In Example 6.16, we use maximum likelihood with numerical integration to estimate the model. In this situation, means, variances, and covariances are not sufficient statistics for model estimation. Therefore, chisquare and related fit measures are not available. Perhaps Brown et al used a different estimator. I think you can also use weighted least squares in Mplus. Then you would obtain chisquare etc. 

bmuthen posted on Thursday, January 19, 2006  5:56 pm



The Brown et al article presented fit statistics such as CFI only for "Part 2", that is, the continuous part of the model. This is not the fit for the whole model, including both the continuous and binary parts. It is unknown how well such fit indices would work to reflect the fit of the whole model, but perhaps they are a useful descriptive. For the whole model, although the conventional fit statistics are not available, you can always use loglikelihood differences between nested model to get a chisquare test of restrictions. For instance checking if a quadratic growth factor is really needed. WLSMV should not be used because MCAR missingness is assumed for the outcomes and this is not fulfilled in 2part modeling. Methods studies of 2part modeling will be made easy in Mplus Version 4 through new features that make Monte Carlo simulation possible. 


I'm working on pattern recognition and I'm new to this field. Can you please suggest me some ways of choosing the initial parameters for a model consisting of a mixture of three normals (8 parameters to estimate). Should I consider the peaks of my histogram as the muStart points and a single value for the variance (overall variance of the observed data). Moreover, I shall remain highly obliged if you kindly mail me the steps, in detail, for trying out a GOF test for the mixture model. 


I think you are asking about choosing starting values. This is not necessary. Just use the default starting values. With mixture models, you can compare nested models using the loglikelihood. How to do this is described in Chapter 13 of the Mplus User's Guide under Testing for Measurement Invariance Using Multiple Group Analysis. See Model Difference Testing. 

Anky Chan posted on Sunday, December 03, 2006  4:57 am



I have 2 questions: 1)The BIC of my GGMM is 15.870. Is this a good fit? 2)What indices should be included when reporting the model fit index of GGMM? Thank you very much. 

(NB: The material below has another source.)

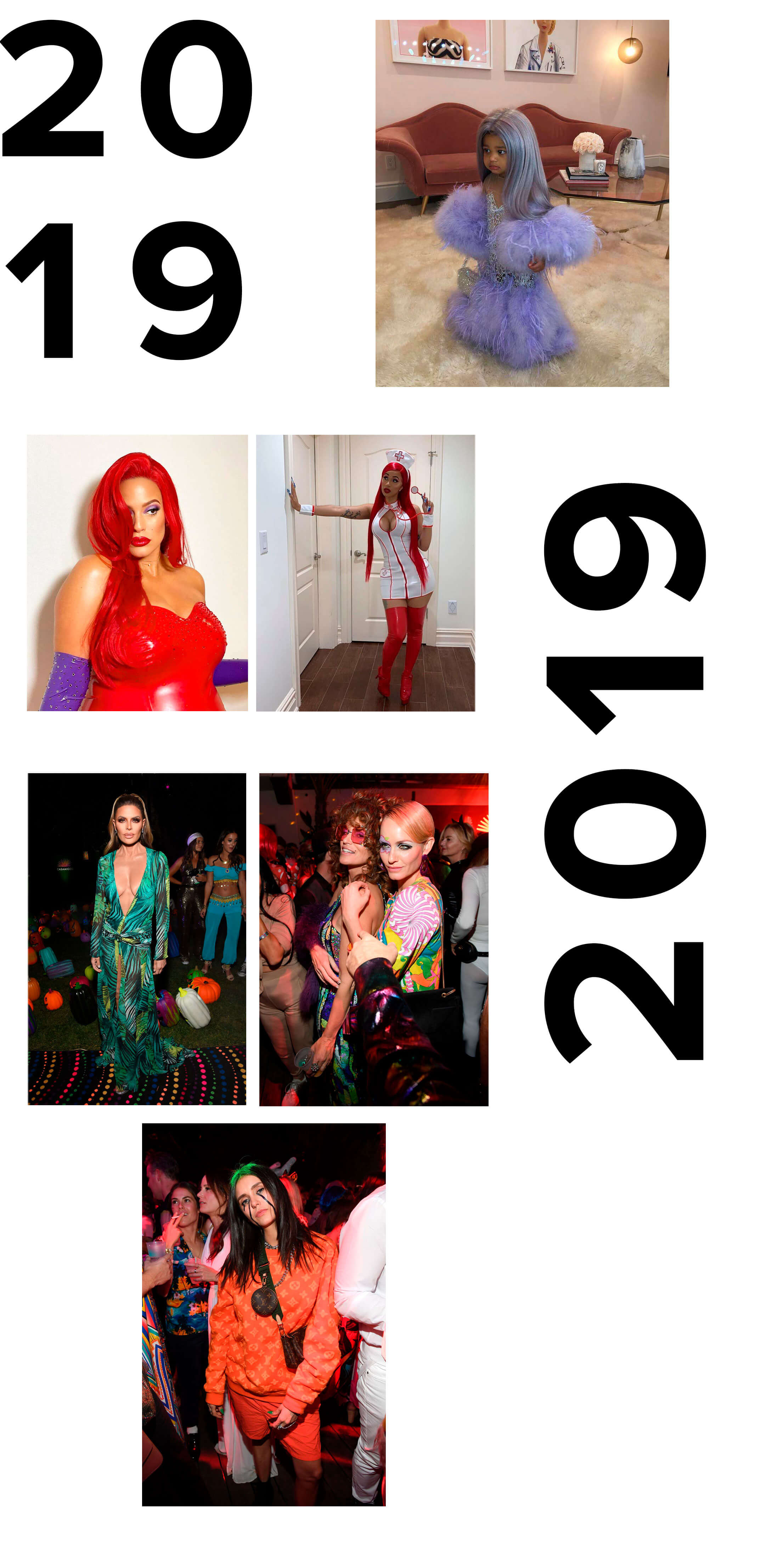 Телеведущая Лиза Ринна снова возродила то самое платье Дженнифер Лопеc, в котором певица закрыла показ Versace. Амбер Валетта выбрала образ Твигги, Синди Кроуфорд — поп-дивы 70-х. Нина Добрев с ног до головы оделась в Louis Vuitton и перевоплотилась в Билли Айлиша (при виде ее костюма нам так и хочется спеть bad guy).

The value of BIC has meaning only in comparison to another BIC value. See the following paper for a description of how to determine the number of classes in a GMM: Muthén, B. (2004). Latent variable analysis: Growth mixture modeling and related techniques for longitudinal data. In D. Kaplan (ed.), Handbook of quantitative methodology for the social sciences (pp. 345368). Newbury Park, CA: Sage Publications. It can be downloaded from the website. 

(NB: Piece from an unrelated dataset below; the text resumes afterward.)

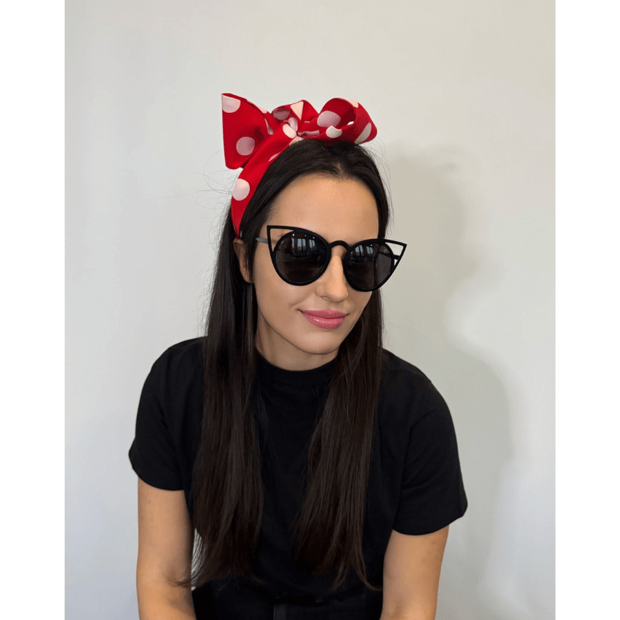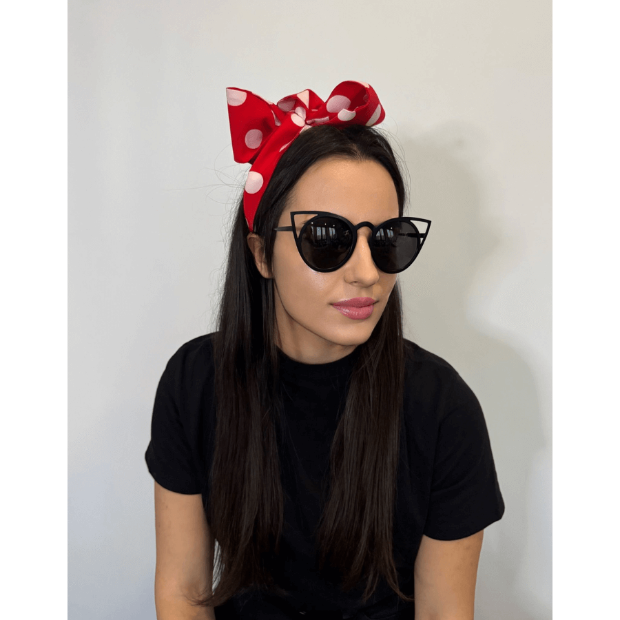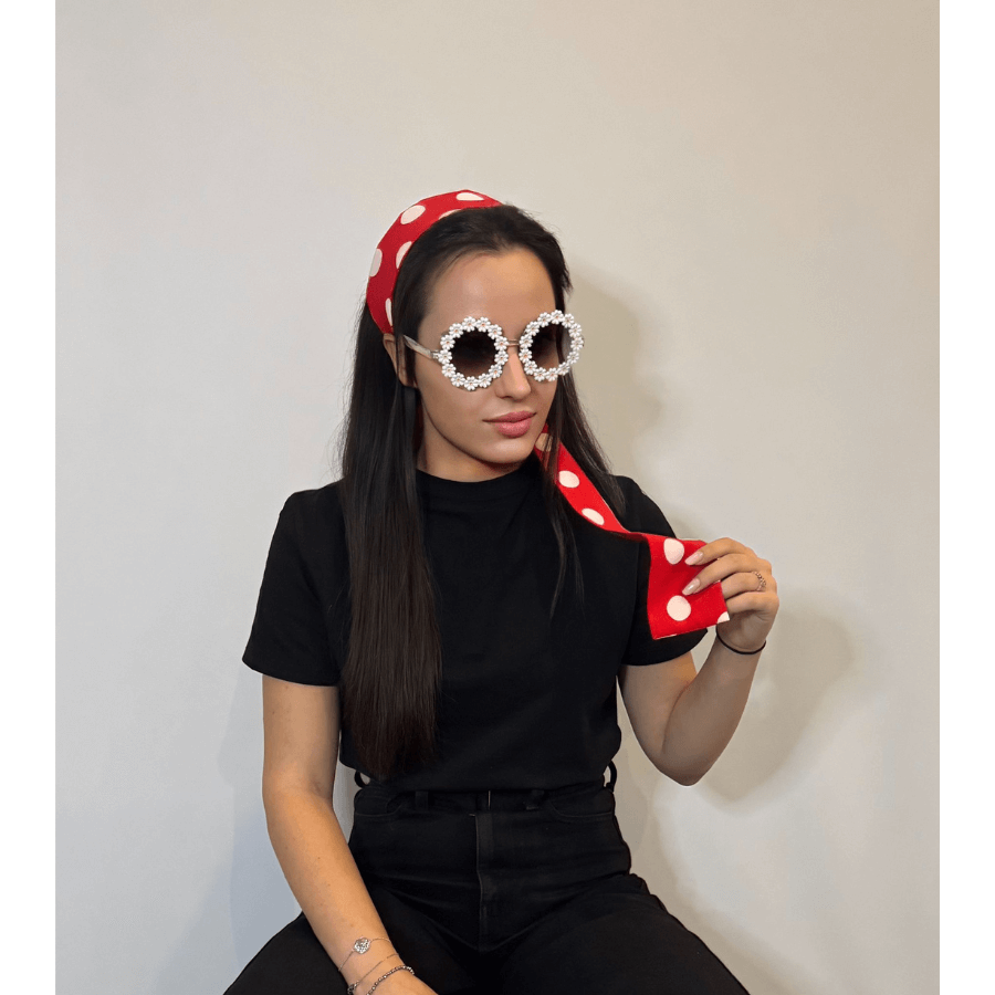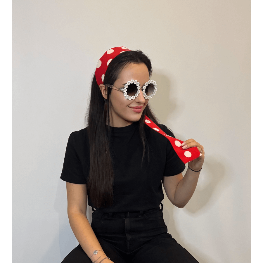 Czerwona opaska – szarfa w białe grochy – klasyk, który nigdy nie traci uroku.

Scott posted on Monday, June 25, 2007  8:49 pm



I am examining GMM of delinquency trajectories. Below are the fit indices for different trajectory classes, including covariates (I had previously conducted analyses without covariates in the models). Based on the fit indices, I am unsure which is the best fitting model (it seems that the 3 class solution is best). Should I just look at the BIC, or should I follow up with LMR LRT to see if these results are consistent with the BIC? Also, is there still no way to get the SK index for data with missing values? Class 2: BIC=20764, AIC=20344, Ent=.608, LL=10095 Class 3: BIC=20743, AIC=20230, Ent=.591, LL=10021 Class 4: BIC=20746, AIC=20141, Ent=.710, LL=9959 Class 5: BIC=20753, AIC=20055, Ent=.640, LL=9899 Thanks. 


Following are two papers that give strategies for deciding on the number of classes. Both can be downloaded from the website. We have found that it is preferable to determine the number of classes without covariates as a first step. Nylund, K.L., Asparouhov, T., & Muthen, B. (2006). Deciding on the number of classes in latent class analysis and growth mixture modeling. A Monte Carlo simulation study. Accepted for publication in Structural Equation Modeling. Muthén, B. (2004). Latent variable analysis: Growth mixture modeling and related techniques for longitudinal data. In D. Kaplan (ed.), Handbook of quantitative methodology for the social sciences (pp. 345368). Newbury Park, CA: Sage Publications. 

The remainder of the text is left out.